* **TASK DETAILS**:
Repeat exactly what runs from the line containing "The Wrangler Sunrise" through the last line of the material below. Do not copy the pictures.

········

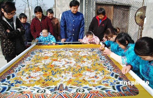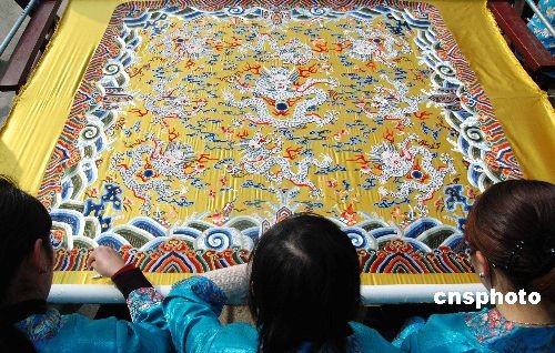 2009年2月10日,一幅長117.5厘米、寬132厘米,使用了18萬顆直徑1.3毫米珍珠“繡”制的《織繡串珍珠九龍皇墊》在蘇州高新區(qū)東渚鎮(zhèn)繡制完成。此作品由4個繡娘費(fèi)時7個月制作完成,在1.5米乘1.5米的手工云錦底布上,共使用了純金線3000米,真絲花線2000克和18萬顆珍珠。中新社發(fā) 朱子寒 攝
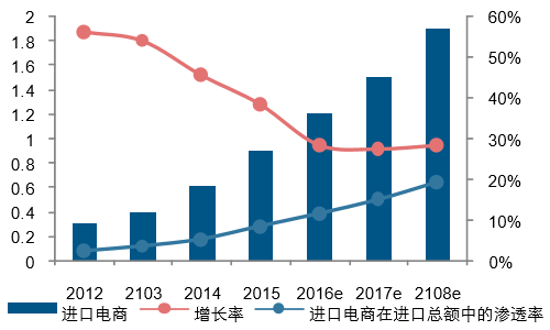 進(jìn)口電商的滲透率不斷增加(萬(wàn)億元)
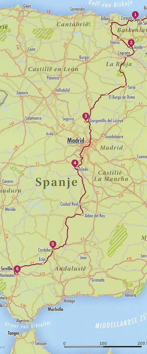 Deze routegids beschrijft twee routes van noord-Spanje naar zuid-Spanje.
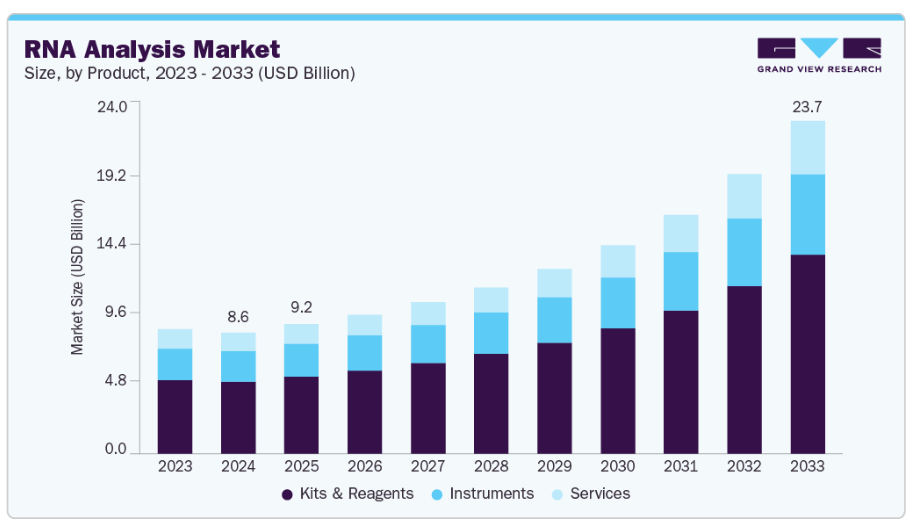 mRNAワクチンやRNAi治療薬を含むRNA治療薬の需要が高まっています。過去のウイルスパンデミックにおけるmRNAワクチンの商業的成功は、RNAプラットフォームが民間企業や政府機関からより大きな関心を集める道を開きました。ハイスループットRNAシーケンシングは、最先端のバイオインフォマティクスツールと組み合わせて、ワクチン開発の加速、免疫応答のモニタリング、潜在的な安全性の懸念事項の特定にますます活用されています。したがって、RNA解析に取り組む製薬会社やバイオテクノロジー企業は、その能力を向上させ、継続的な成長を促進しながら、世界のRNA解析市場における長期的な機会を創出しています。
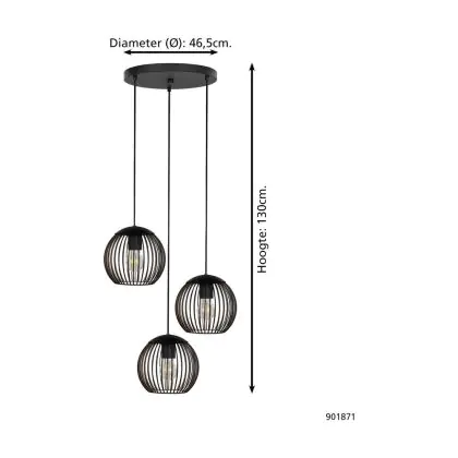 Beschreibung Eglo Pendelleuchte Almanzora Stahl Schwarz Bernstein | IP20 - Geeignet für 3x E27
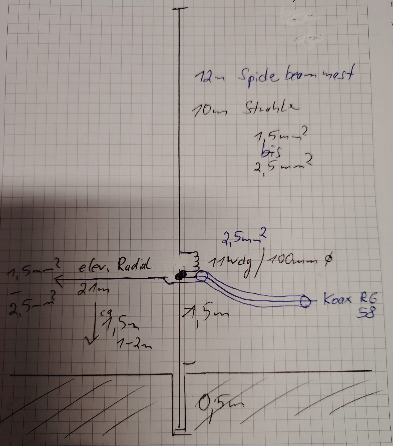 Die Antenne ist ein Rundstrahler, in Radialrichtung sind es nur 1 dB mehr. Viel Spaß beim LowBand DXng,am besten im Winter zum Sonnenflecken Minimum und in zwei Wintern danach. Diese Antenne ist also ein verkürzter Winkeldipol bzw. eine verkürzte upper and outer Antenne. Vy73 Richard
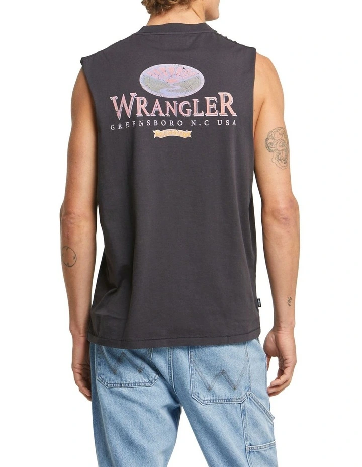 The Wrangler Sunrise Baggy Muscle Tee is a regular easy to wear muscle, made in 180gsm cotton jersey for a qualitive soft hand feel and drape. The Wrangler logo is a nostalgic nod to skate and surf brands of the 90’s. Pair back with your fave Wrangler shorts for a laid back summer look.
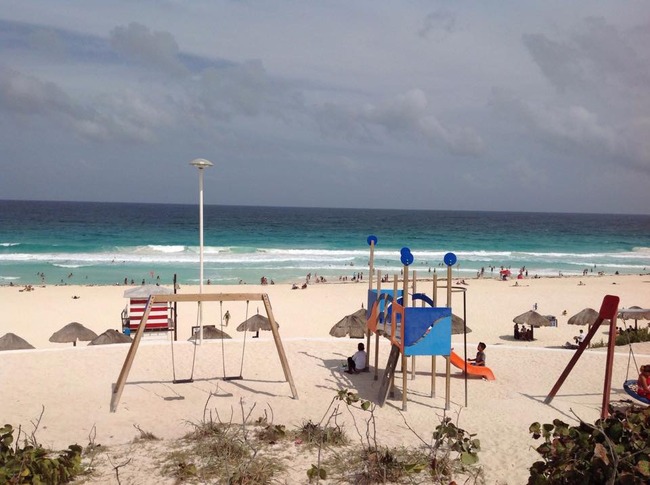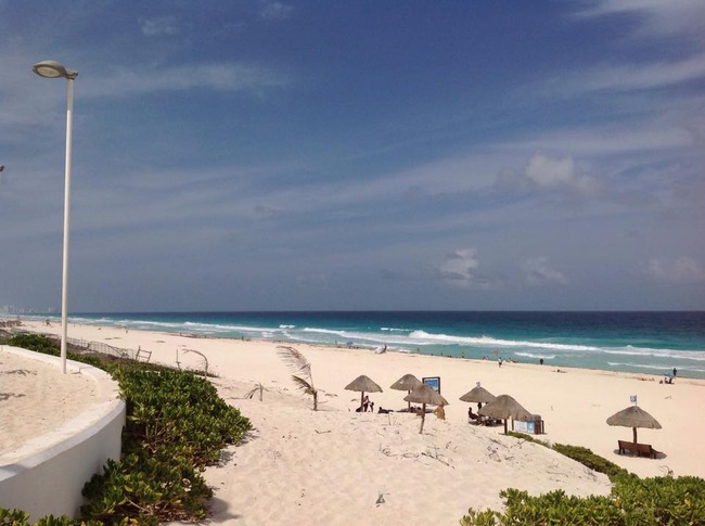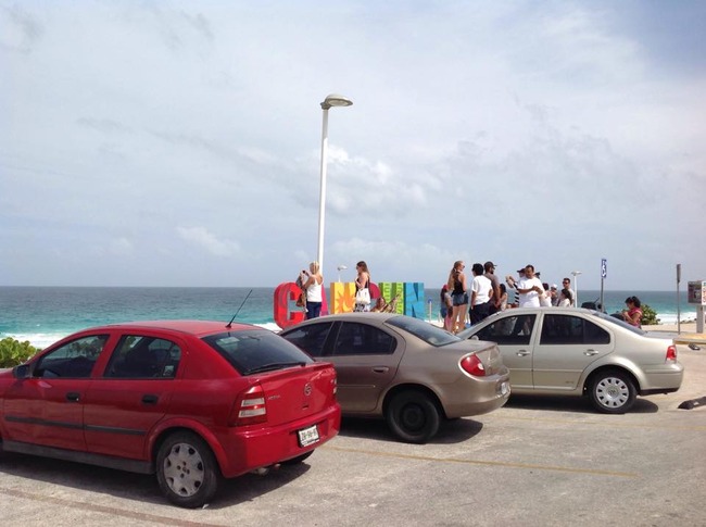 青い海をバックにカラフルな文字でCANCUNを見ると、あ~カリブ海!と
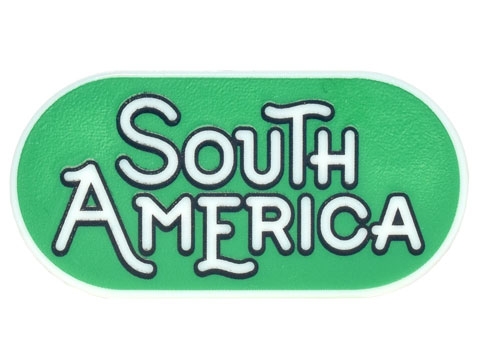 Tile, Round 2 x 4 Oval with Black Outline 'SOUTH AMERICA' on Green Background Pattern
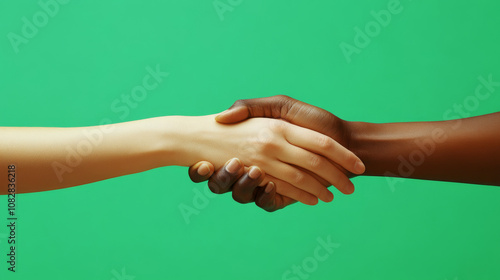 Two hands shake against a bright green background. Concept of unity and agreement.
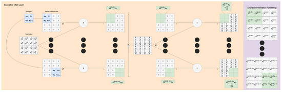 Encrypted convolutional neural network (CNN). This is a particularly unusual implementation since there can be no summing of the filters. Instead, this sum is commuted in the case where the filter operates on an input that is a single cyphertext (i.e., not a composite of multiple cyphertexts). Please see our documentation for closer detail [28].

········

* **RESPONSE AREA**:
 The Wrangler Sunrise Baggy Muscle Tee is a regular easy to wear muscle, made in 180gsm cotton jersey for a qualitive soft hand feel and drape. The Wrangler logo is a nostalgic nod to skate and surf brands of the 90’s. Pair back with your fave Wrangler shorts for a laid back summer look.
 青い海をバックにカラフルな文字でCANCUNを見ると、あ~カリブ海!と
 Tile, Round 2 x 4 Oval with Black Outline 'SOUTH AMERICA' on Green Background Pattern
 Two hands shake against a bright green background. Concept of unity and agreement.
 Encrypted convolutional neural network (CNN). This is a particularly unusual implementation since there can be no summing of the filters. Instead, this sum is commuted in the case where the filter operates on an input that is a single cyphertext (i.e., not a composite of multiple cyphertexts). Please see our documentation for closer detail [28].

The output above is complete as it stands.